Wisconsin tribe wants pipeline moved from its reservation

By Todd Richmond, Associated Press

A Chippewa tribe in Wisconsin is calling for 12 miles of pipeline to be removed from its reservation after 64 years of operation, saying they want to protect their land and water from oil spills.

 

MADISON, Wis. (AP) — A Chippewa tribe in Wisconsin is calling for 12 miles of pipeline to be removed from its reservation after 64 years of operation, saying they want to protect their land and water from oil spills.

The Bad River Band of Lake Superior Chippewa's tribal council approved a resolution Wednesday refusing to renew easements for 11 parcels of land along a section of Enbridge's Line 5 pipeline, which carries oil and natural gas liquids 645 miles from Canada to eastern Michigan.

The resolution also calls for decommissioning the pipeline and removing it from the tribe's reservation along the shores of Lake Superior in far northern Wisconsin. The resolution also directs tribal staff to prepare recycling, disposal and surface restoration work that would come with removal.

"We depend upon everything that the creator put here before us to live mino-bimaadiziwin, a good and healthy life," Bad River Chairman Robert Blanchard said in a news release. "These environmental threats not only threaten our health, but they threaten our very way of life as (Chippewa). We all need to be thinking of our future generations and what we leave behind for them."

But it isn't clear whether the tribe can force removal of the pipeline. Brad Shamla, Enbridge's vice president of U.S. operations, told The Associated Press in a telephone interview Friday it was too early to speculate on what authority the tribe may have.

Shamla said there's never been a spill on the reservation since he joined the company in 1991.

The resolution surprised the company, Shamla said, because Calgary, Alberta-based Enbridge and the tribe have been negotiating renewal of easements on the 11 parcels — which expired in 2013 — for the last three years. The easements for the majority of the remaining parcels on Bad River tribal land extend until 2043 or rest in perpetuity.

"We'd really like to understand better what's prompting this at this time," Shamla said. "Safety is extremely important to us. We've maintained and operated this line safely for more than 60 years."

Bad River tribal officials didn't immediately respond to messages Friday.
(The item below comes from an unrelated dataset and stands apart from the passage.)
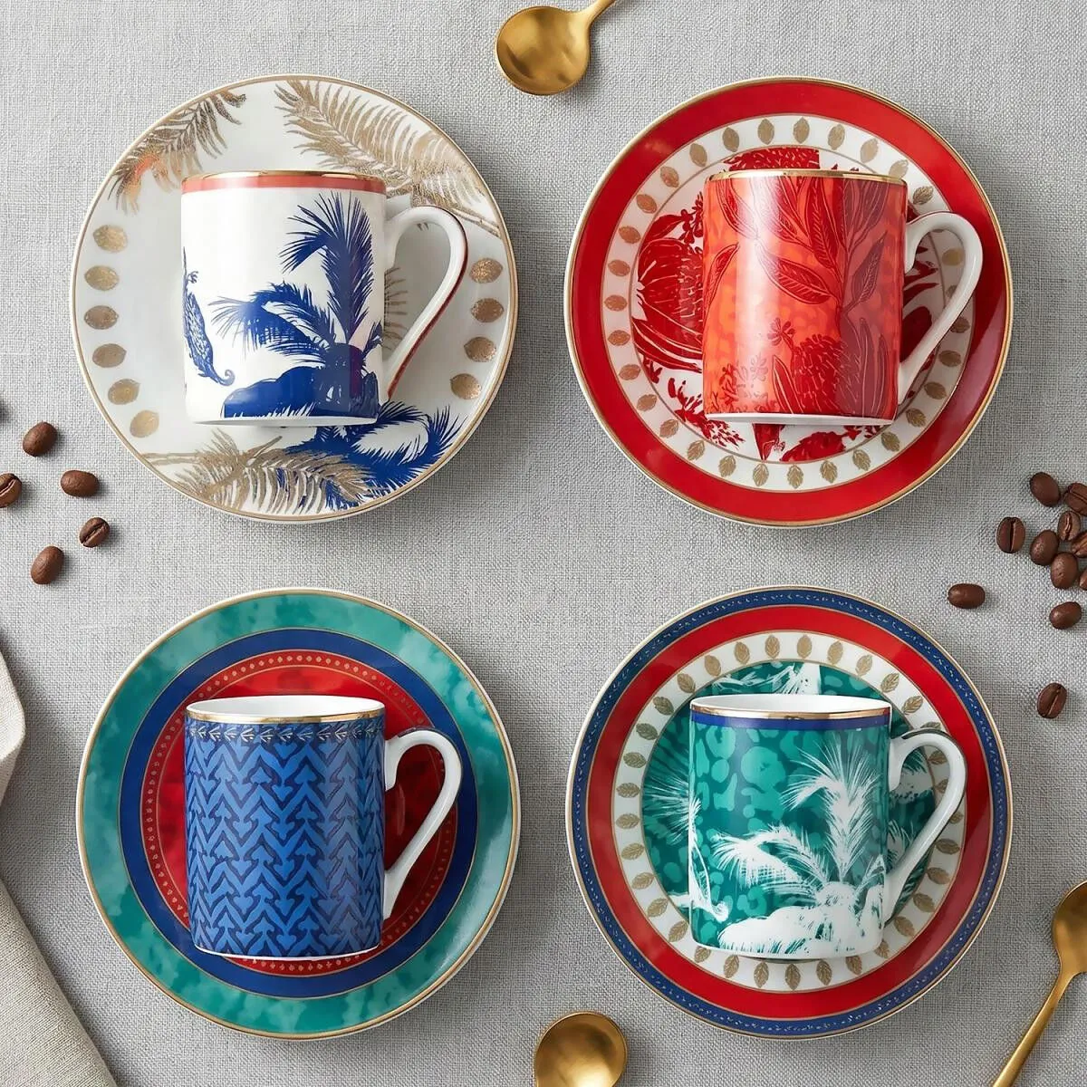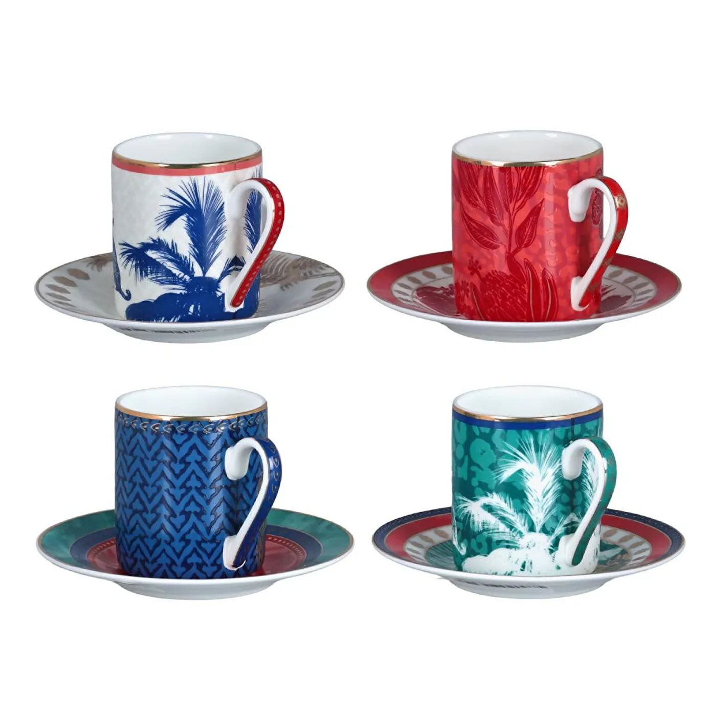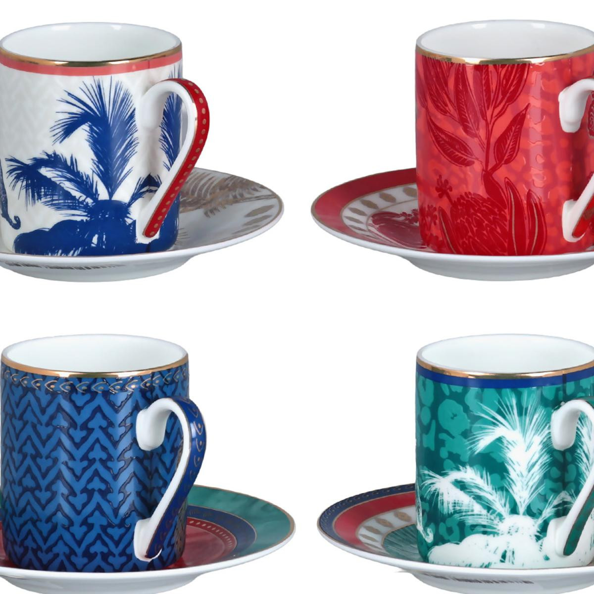 Zengin ve Renkli Tasarım: Set; kırmızı, turkuaz, lacivert ve desenli çerçeve detaylarıyla süslenmiş, egzotik illüstrasyonlara sahip 4 adet farklı kahve fincanı ve tabağından oluşmaktadır.

Concerns over drinking water are what partially sparked the massive, months-long protests over Energy Transfer Partners' plans to build a section of the Dakota Access oil pipeline under a Missouri River reservoir in North Dakota. The Standing Rock Sioux and the Cheyenne River Sioux are challenging the pipeline's permits at numerous water crossings.

Enbridge's Line 5 has been a flashpoint of contention in Michigan. Environmentalists fear a portion of pipeline that runs beneath the Straits of Mackinac, which link Lake Michigan and Lake Huron, could rupture and cause catastrophic damage to the Great Lakes.

Shamla insisted the line is safe and is inspected at least once every five years to determine the extent of corrosion as well as spot dents, potential cracks and other problems. The company checks the portion that runs beneath the Straits of Mackinac every two years, he said.

"We've maintained and operated this line safely for more than 60 years," he said. "Overall, Line 5 is in very good condition."